One of many consultants on the Web site’s content is Suzanne Tomatore, who directs the City Bar Justice Center’s Immigrant Women & Children Project, which, since 2002, has been helping victims of trafficking get out from under their oppressors and start a new life.
The basis for relief for many victims is the 2000 Trafficking Victims Protection Act (TVPA), an amendment to the 1996 Violence Against Women Act (VAWA). The TVPA allows a multi-prong approach, including the apprehension, prosecution, and increased sentencing for traffickers, and the potential for victims to legalize their immigration status.
The Justice Center’s clients come from all over the world, including India, Indonesia, China, Peru, and Mexico. Their traffickers are often friends, neighbors, lovers or spouses, or family members. Others meet their trafficker by answering advertisements for employment or through friends or family members who work for the trafficker.
Over half of the Justice Center’s cases involve labor trafficking, which is more difficult to identify than sex trafficking because so many industries are involved, and the line between labor violations and human rights abuses can be difficult to discern.
A representative case taken on by the Justice Center involved Yesenia M., a 17-year-old girl who was brought from Mexico to the U.S. to work as a babysitter for her trafficker’s two small children. For nine months, she was unpaid while required also to cook, clean and do laundry and yard work. She was not allowed to speak with anyone outside the family or travel by herself. And she endured three incidents of rape and sexual abuse by her trafficker. In short, she was enslaved. Finally, she befriended a woman at church who helped her escape. Once free, Yesenia contacted law enforcement and cooperated in the investigation and prosecution of her trafficker, who received a prison sentence, forfeited property, and will be deported. Yesenia received a “T Visa,” was reunited with her family, and is starting a business with the compensation she received from her trafficker. Eve Gutman and former-associate Beatrix Bong of Paul, Weiss, Rifkind, Wharton & Garrison LLP handled the family’s successful residency application.

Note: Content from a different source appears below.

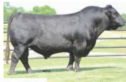
AUTO GUNN POINT 192Y
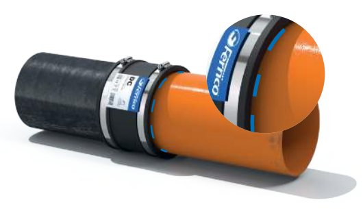
4. Position the remaining pipe, ensuring the coupling face and marked line are flush. Tighten this clamp band.

“Despite the prevalence of human trafficking, there are many obstacles that prevent victims from coming forward,” said Tomatore. “Fear, shame, lack of resources, and not knowing where to go for assistance all make survivors reluctant to report their traffickers,” she said. “Many victims do not speak English. Some come from countries where law enforcement is not trustworthy or in fact contribute to and profit from human trafficking themselves.”

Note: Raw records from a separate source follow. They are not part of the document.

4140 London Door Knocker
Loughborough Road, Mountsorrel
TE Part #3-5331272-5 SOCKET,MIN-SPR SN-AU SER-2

Awareness may be the best antidote, says Tomatore, since most victims do not self-identify and seek services as trafficking victims. “Outreach and public awareness initiatives are critical to identifying victims and are lacking throughout the United States. A national public service campaign that includes television, radio, and print advertisements in the mainstream media as well as ethnic news markets should be implemented. Coverage on the many different scenarios of human trafficking is necessary, especially for labor trafficking, as these are the most difficult to identify,” she said.
New York City appears to be stepping up with its new Web site, along with a public awareness advertising campaign from Grey with the theme: "See it. Know it. Report it."
The need for awareness extends to law enforcement and government officials, and Tomatore has done her part over the years by meeting with Immigration and Customs Enforcement and the DOJ in Washington, providing training at DA’s offices, and co-authoring the NY Anti-Trafficking Network’s “Identification and Legal Advocacy for Trafficking Victims” manual. She has also traveled from Venezuela to the Philippines to meet with judges, government officials, students, and NGOs. She’s off to Mongolia in a couple of weeks.
Tomatore notes that this year marks the 10th anniversary of the TVPA, and she’s pleased that the U.S. State Department’s annual Trafficking in Persons Report, due in June, will not only evaluate foreign governments’ efforts to eliminate human trafficking, but will for the first time include self-examination on stateside efforts.
“Human trafficking is a complex, worldwide, and localized organized criminal endeavor,” said Tomatore. “There are a multitude of profiles for victims as well as traffickers. Without training for professionals and public-awareness campaigns, it will be impossible to target and address the problem.”